WHAT YOU SHOULD DO: Starting at the line with "Pulsera - Acero" and ending at the line with "Auf ganzer Linie", print exactly the lines of the entries below. Pictures do not belong in the copy.

DATA EXTRACT:
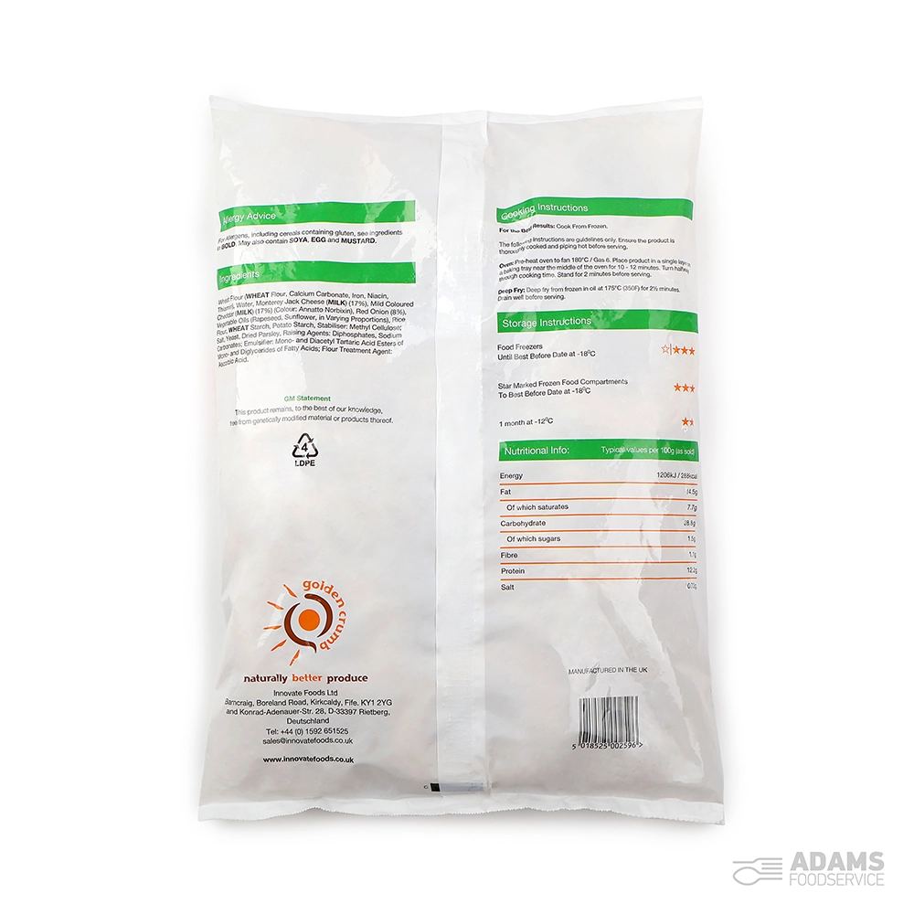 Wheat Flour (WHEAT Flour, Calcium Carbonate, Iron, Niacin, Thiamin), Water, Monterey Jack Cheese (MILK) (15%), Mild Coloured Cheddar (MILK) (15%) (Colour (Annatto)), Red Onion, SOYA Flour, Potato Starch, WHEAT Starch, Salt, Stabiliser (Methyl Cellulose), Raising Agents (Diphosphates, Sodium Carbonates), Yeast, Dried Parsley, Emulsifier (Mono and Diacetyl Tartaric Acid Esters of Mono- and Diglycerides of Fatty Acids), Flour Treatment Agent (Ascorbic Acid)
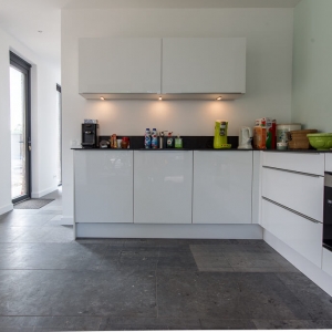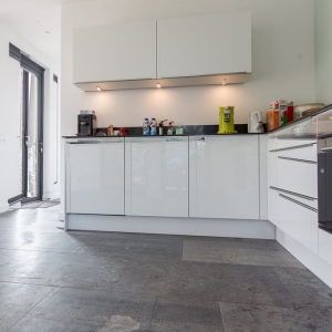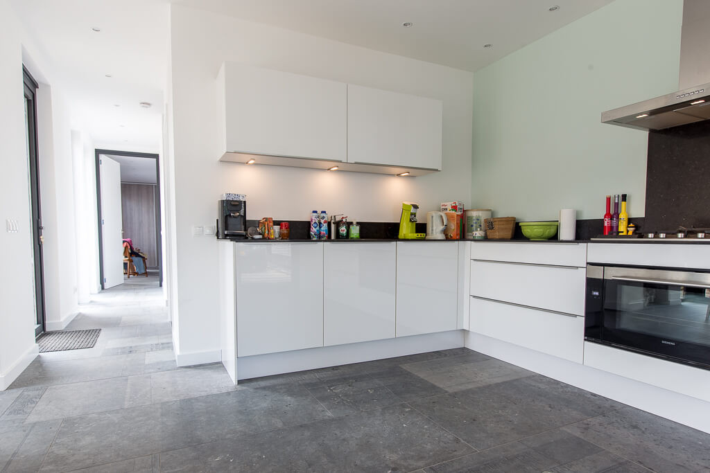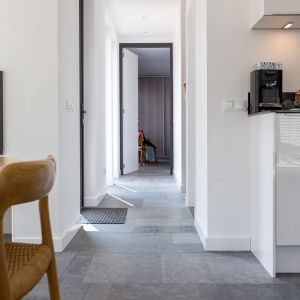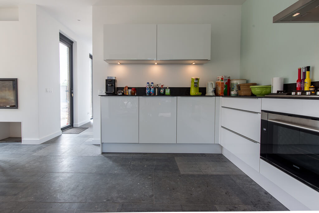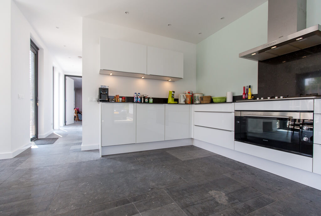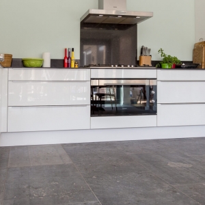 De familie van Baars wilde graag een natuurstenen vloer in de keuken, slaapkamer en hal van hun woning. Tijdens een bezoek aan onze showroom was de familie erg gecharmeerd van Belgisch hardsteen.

==

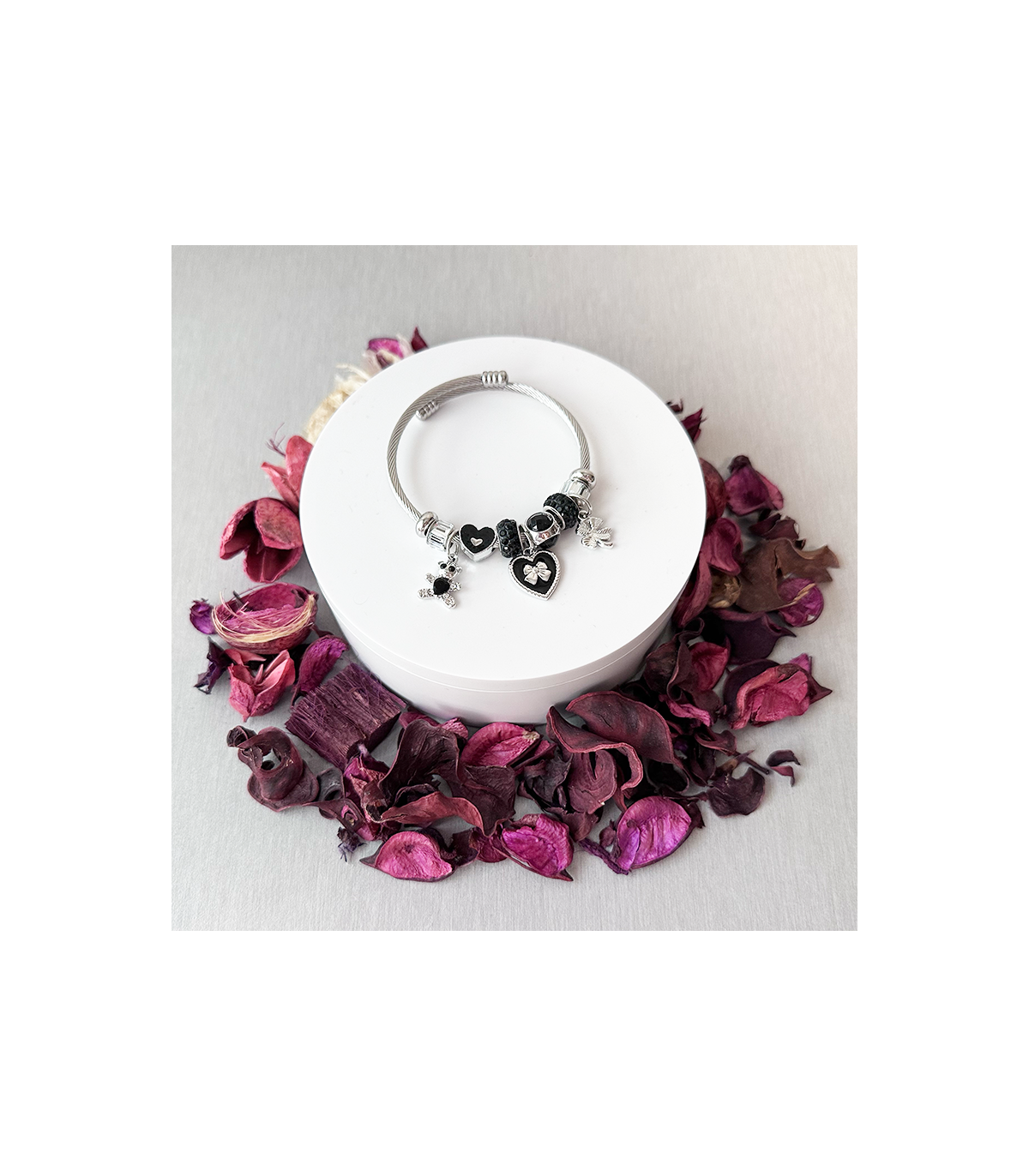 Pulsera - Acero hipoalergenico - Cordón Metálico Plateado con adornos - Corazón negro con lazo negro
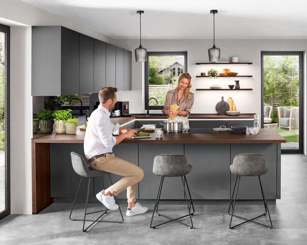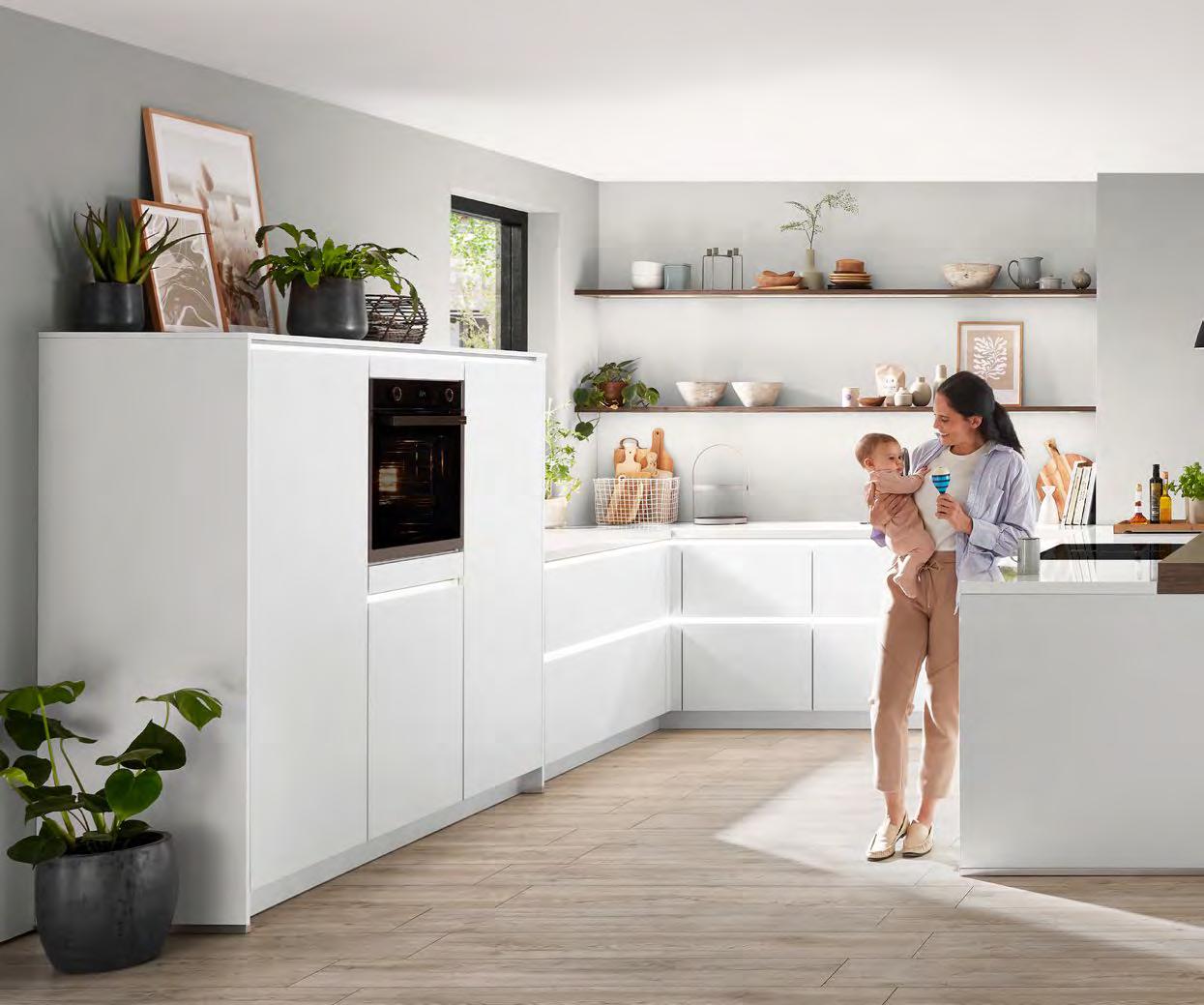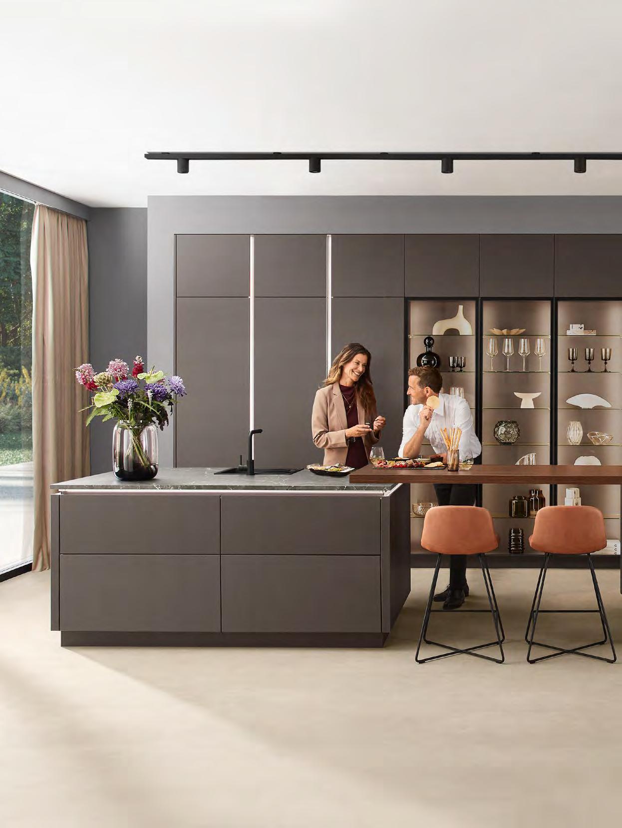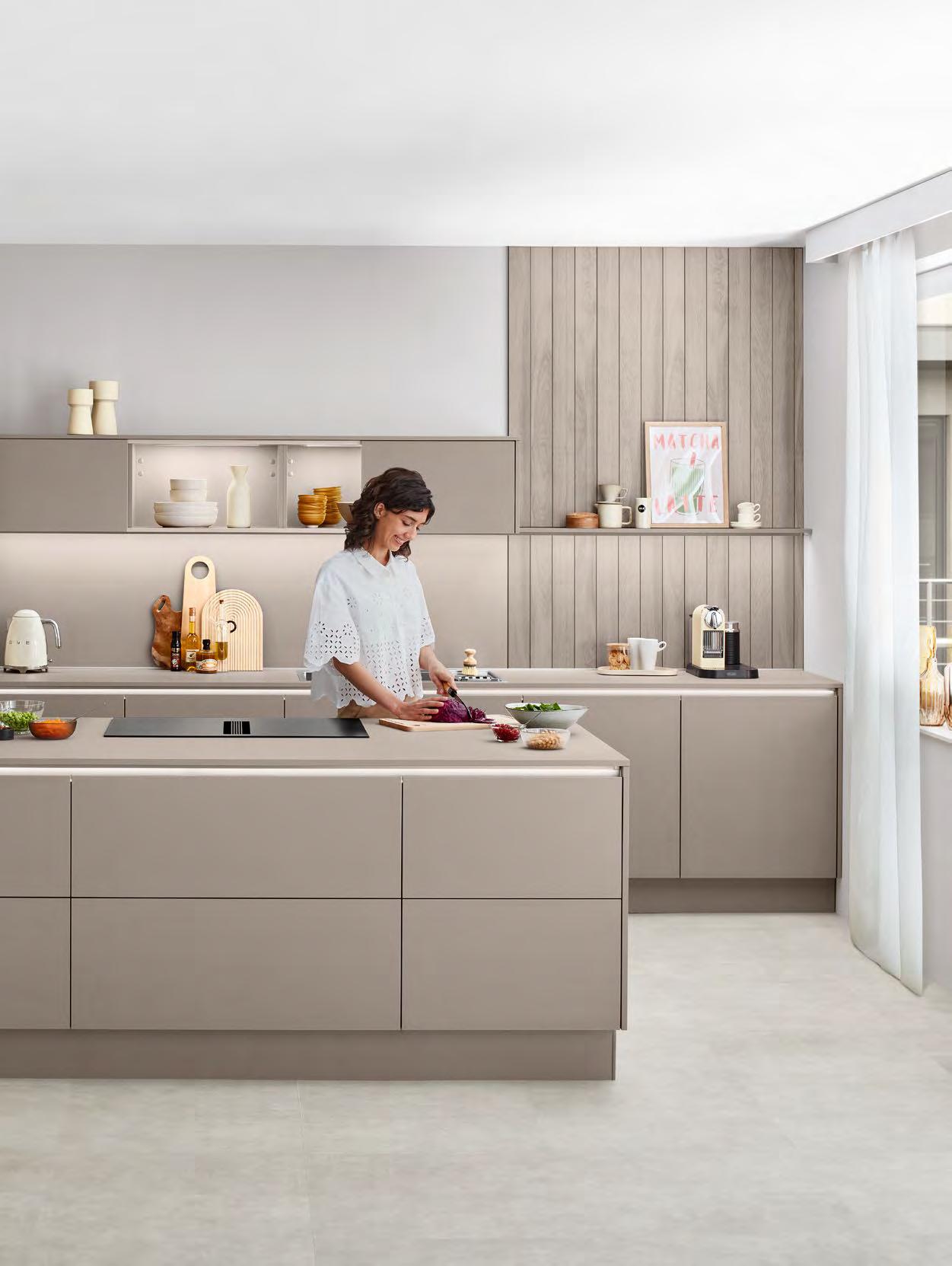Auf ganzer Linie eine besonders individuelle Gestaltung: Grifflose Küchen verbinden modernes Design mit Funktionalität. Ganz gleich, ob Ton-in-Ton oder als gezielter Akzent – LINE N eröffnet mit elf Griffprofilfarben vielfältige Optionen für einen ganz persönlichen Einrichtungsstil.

ANSWER:
 Pulsera - Acero hipoalergenico - Cordón Metálico Plateado con adornos - Corazón negro con lazo negro
Auf ganzer Linie eine besonders individuelle Gestaltung: Grifflose Küchen verbinden modernes Design mit Funktionalität. Ganz gleich, ob Ton-in-Ton oder als gezielter Akzent – LINE N eröffnet mit elf Griffprofilfarben vielfältige Optionen für einen ganz persönlichen Einrichtungsstil.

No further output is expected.